Recently, there have been attempts to use X-ray, CT, and MRI images of patients for sarcopenia diagnosis and prediction because object detection and classification in images is one of the most developed techniques in machine learning. Burns et al. [57] estimated sarcopenia by abdominal CT images at multiple lumbar vertebral levels. Dong et al. [58] identified sarcopenia of advanced non-small-cell lung cancer (NSCLC) patients by using LightGBM with chest CT radiomics instead of the abdominal CT images. According to hyperparameter tuning, they could achieve 94% accuracy.

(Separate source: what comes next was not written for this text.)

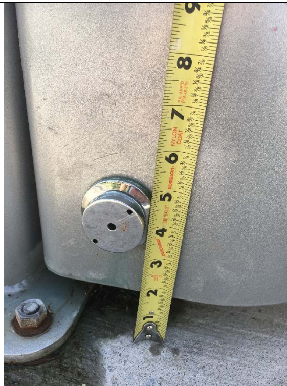
Violation 9 - There is a drinking fountain provided with a dog watering portion. The button to operate this portion is too low at 4" above finished floor.

Kim et al. [59] extracted the radiomic features from L3 CT images of the entire muscle area and partial areas of the erector spinae collected from non-small-cell lung carcinoma (NSCLC) patients and trained several models. The results showed the highest AUC as 0.837 from XGB. Ryu et al. [60] used a chest X-ray image for sarcopenia diagnosis and showed AUC results of 0.81 and 0.78 for internal and external test sets, respectively. Image learning is effective, but prediction accuracy can vary with image quality and the body part. Based on this trend, fully automated diagnosis based on the medical image is now under standardization [61].
Many recent studies demonstrate the feasibility of the machine learning technique for sarcopenia diagnosis and prediction by using various factors. However, it is a new approach in this study to predict sarcopenia by using the sociological data of the elderly in addition to the minimum health information.

3. Materials and Methods

3.1. Muscle Mass Measurement Techniques

Diagnosing sarcopenia involves assessing measurable factors, such as muscle mass, muscle strength, and physical performance, with muscle mass as an objective indicator and least affected by measurement environment and circumstance.
In diagnosing sarcopenia, the European Working Group on Sarcopenia in Older People (EWGSOP) has published guidelines regarding suitable measurement techniques for diagnostic parameters, such as muscle mass. Body imaging methods and bioelectrical impedance analysis (BIA) are recommended to evaluate muscle mass [24].
Several imaging techniques, such as computed tomography (CT), magnetic resonance imaging (MRI), and dual-energy X-ray absorptiometry (DXA), are available for estimating muscle mass or lean body mass. CT and MRI provide highly precise muscle mass values; however, there are concerns related to their elevated costs and radiation exposure. Consequently, DXA is preferred as a research-oriented measurement method due to its lower radiation exposure and comparable accuracy. Hence, we consider the DXA measurement result for the diagnosis of sarcopenia in this study.
BIA is a cost-effective approach for estimating fat mass and lean mass, by which diagnosis results exhibit a strong correlation with MRI-based prediction [62,63]. Moreover, it can be applied not only to ambulatory patients but also to those confined to beds. Accordingly, BIA appears as a promising alternative to DXA for assessing sarcopenia, although many of the recent portable devices provide only an approximated measurement for the entire body.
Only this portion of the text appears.